Either remove the connector timeout or set it to a high ceiling value.
---
### S9. `acme_contact` Config Field Should Be `Vec<String>` for Multiple Contacts
**File**: `src/config/static_config.rs:60`
**Problem**: `acme_contact` is a single `String` but ACME supports multiple
contact emails. The `AcmeTlsConfig.contact` field is already `Vec<String>` and
the config value is wrapped in `vec![...]` at `src/tls/acceptor.rs:70`.
**Suggestion**: Change `acme_contact` to `Vec<String>` in `TlsConfig` for
consistency with the ACME protocol. This is a config format change — document
the migration.
---
### S10. Add Integration Test for Rate Limiter Using `ConnectInfo`
**File**: `tests/integration_test.rs:90-163`
**Problem**: All rate limit integration tests pass the client IP via
`X-Forwarded-For` header. No test verifies the `ConnectInfo` extraction path,
which is the primary path after C1 is fixed.

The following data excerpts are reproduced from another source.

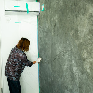 スタジオは全面壁紙なのですが、既存の壁紙の上から下地を塗り、工程を重ね、仕上げていただきました。
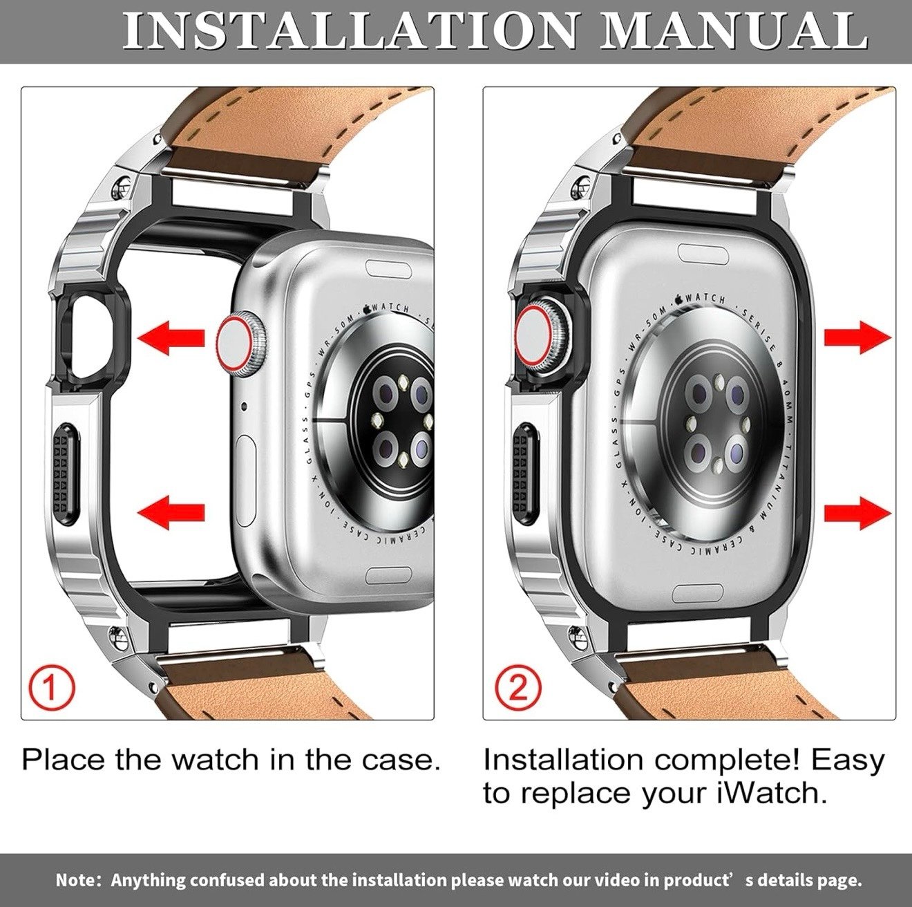 SUPLINK Leather Band with Stainless Steel Case for Apple Watch 44mm 42mm Size: 42/44mm (series SE 6/5/4/3/2/1), Rugged Bumper for Men
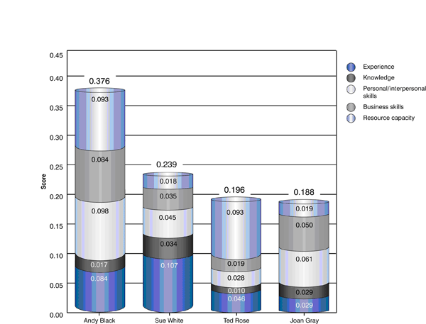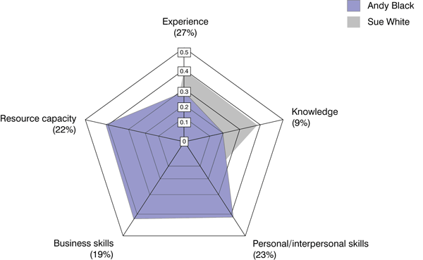 Figure 8 is a spider (or radar) diagram that compares the final priorities of the two candidates with the best scores, Andy Black and Sue White. The chart shows that Andy Black is definitely the better candidate from the perspectives of resource capacity, business skills, and personal/interpersonal skills. Such diagrams are useful visual tools that can help you to determine the differences between the alternatives you are comparing.
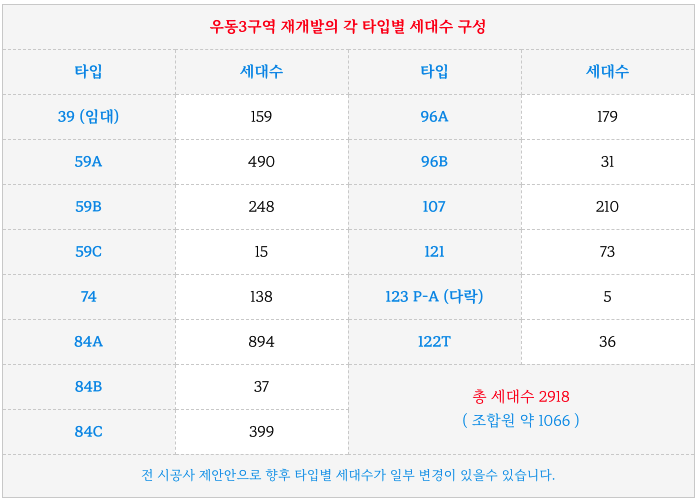 해운대 우동3구역 재개발의 타입별 세대수 입니다.
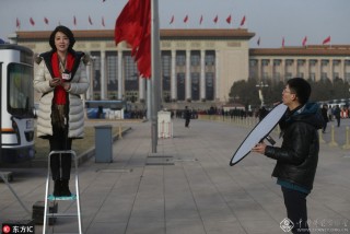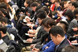 2018年3月4日,十三届全国人大一次会议新闻发布会举行,大会发言人张业遂回答中外记者提问。上会女记者开始进入“两会状态”。

**Suggestion**: Add a test that sets `ConnectInfo` on the request extensions
(like `make_request_with_connect_info` in `src/proxy/handler.rs` tests) and
verifies rate limiting works without the `X-Forwarded-For` header.
---
## Summary Statistics
| Severity | Count | Status |
|----------|-------|--------|
| Critical | 4 | Must fix before production |
| Warning | 12 | Should fix — correctness and robustness |
| Suggestion | 10 | Consider for code quality |
## Recommended Fix Priority
1. **C1 (rate limiter X-Forwarded-For spoofing)** — Active security vulnerability.
Any external attacker can bypass rate limiting entirely.

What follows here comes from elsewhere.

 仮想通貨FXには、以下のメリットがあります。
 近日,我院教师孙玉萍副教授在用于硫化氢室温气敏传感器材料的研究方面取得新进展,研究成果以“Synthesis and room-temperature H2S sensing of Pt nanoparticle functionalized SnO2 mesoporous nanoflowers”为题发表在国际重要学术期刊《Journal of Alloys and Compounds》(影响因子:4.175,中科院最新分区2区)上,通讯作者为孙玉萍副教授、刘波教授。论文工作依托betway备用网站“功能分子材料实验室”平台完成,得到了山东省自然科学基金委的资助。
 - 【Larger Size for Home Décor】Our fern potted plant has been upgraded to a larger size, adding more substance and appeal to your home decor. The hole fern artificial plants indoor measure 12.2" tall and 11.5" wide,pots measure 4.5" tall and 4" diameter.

2. **C2 (InFlightCounter never increments)** — Graceful shutdown drain logic is
completely non-functional. The drain always times out.
3. **C3 (connect timeout capped at 5s)** — Per-site timeout configuration is
silently ignored for values > 5s.
4. **C4 (JSON format not applied without log file)** — Format config is silently
ignored in a common deployment mode (stdout-only JSON logging).

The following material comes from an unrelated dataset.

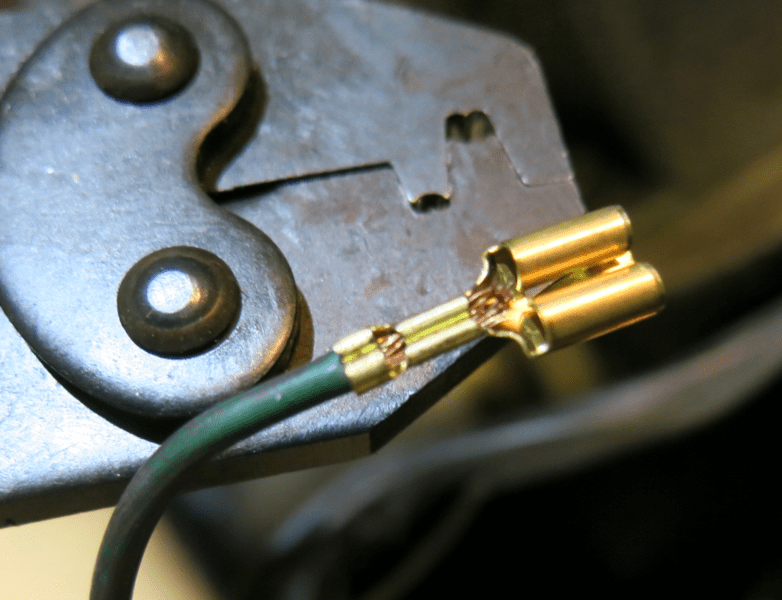 On the female terminals I got pretty good using the compound crimper. It's Astro brand. Had to experiment a bit to figure out which jaws match which terminal sizes best. It does both the wire and insulation crimps at the same time. On the male terminals the jaw is too wide. I was thinking of grinding it down but didn't. Ended up buying the replica Packard crimpers knowing I had more stuff ahead.
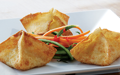 3 Piezas de surimi, queso crema, pollo y camarón.

5. **W1 (upstream host validation gap)** — Invalid upstream addresses pass config
validation.
6. **W2 (ACME contact validation gap)** — Empty email after `mailto:` passes
validation, fails at runtime.
7. **W3 (query string silently dropped)** — Data corruption on URI parse failure.
8. **W4 (admin socket resource limits)** — DoS vector for local socket access.
9. **W5 (TlsMode wildcard mismatch)** — Latent bug for future refactors.
10. **W6 (RawConfig/FullConfig duplication)** — Maintenance burden.
11. **Remaining W and S findings** — Fix opportunistically.